All this talk of acquisitions....hmmmm - Kevin, we see you behind this.
Vesting
Vesting
12/4/2012 | 9:50:45 PM
re: Is Sycamore Startup Hunting?
Wasn't the Sirocco box supposed to be an mulitservice switch with ATM switching and IP routing capabilities? Have they done anything with the Sirocco technology?

I think I would agree that they should just give the shareholders their money back. Sycamores transport products are a dog as I see it. The Williams deal had Matthew Bross directed shares all over it. Desh and Dan did it once. I doubt they can do it again.

sigint
sigint
12/4/2012 | 9:50:41 PM
re: Is Sycamore Startup Hunting?
Desh and Dan did it once. I doubt they can do it again.
__________________________________________________
You're right, they can't. You can't fool all the people, all the time.
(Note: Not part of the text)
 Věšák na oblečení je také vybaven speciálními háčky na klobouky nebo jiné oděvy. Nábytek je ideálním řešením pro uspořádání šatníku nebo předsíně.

A new generation of suckers has to emerge for these guys to hit the jackpot again.
light-headed
light-headed
12/4/2012 | 9:50:40 PM
re: Is Sycamore Startup Hunting?
Cascade was a great engineering company with great products and Dan and Desh should be proud of that but Sycamore represents everything that was wrong with the bubble economy.
shadowandlight
shadowandlight
12/4/2012 | 9:50:38 PM
re: Is Sycamore Startup Hunting?
Vesting:

I think I remember hearing about ATM being available on the Sirocco box at their booth at Supercomm 2000. Didn't hear anything about it after that, though. Anyone know if that product still exists? It's not on the Sycamore website anywhere.
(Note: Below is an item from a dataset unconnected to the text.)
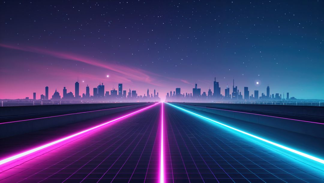 - Futuristic Cyberpunk Neon Highway Leading to City Skyline

I never heard of it doing any IP routing.


tet109:

I doubt the Sirocco box is done at SCMR. Think about it - they've cancelled the 6000, 8000, 10000, but not the 3000. And they just came out with a quad GigE a month or so ago for the 3000. They may keep that one for a while longer.

--Shadowandlight
"Only the Shadow knows..."
tet109
tet109
12/4/2012 | 9:50:38 PM
re: Is Sycamore Startup Hunting?
The Sirocco product is done at SCMR. I think correct and SCMR better spend some money to get a technology other than rely on core optical products and hope and pray that provisioning and management software sell their product like it did work for Cascade otherwise SCMR die a slow death over many years until their $1B is gone. Common sense would send SCMR to the access market. But Wavesmith ? ATM edge switch is all WaveSmith do. SCMR should look at optical access companies. To bad they never got Sirocco to work I think it was right idea.

-Tet
BobbyMax
BobbyMax
12/4/2012 | 9:50:23 PM
re: Is Sycamore Startup Hunting?
Sycamore appears to be just fishing around. If Sycamore wanted, it could have bought its share back. But Sycmore does not have any faith in its own products.

Deshpande would not spend any money on acquiring any company. The One billion dollar in cash is reserved for severance pay and personal payments should Sycamore fold.

Many of its management employees have sold their options and shares, so the money in the bank is just for the rainy days should the company fail.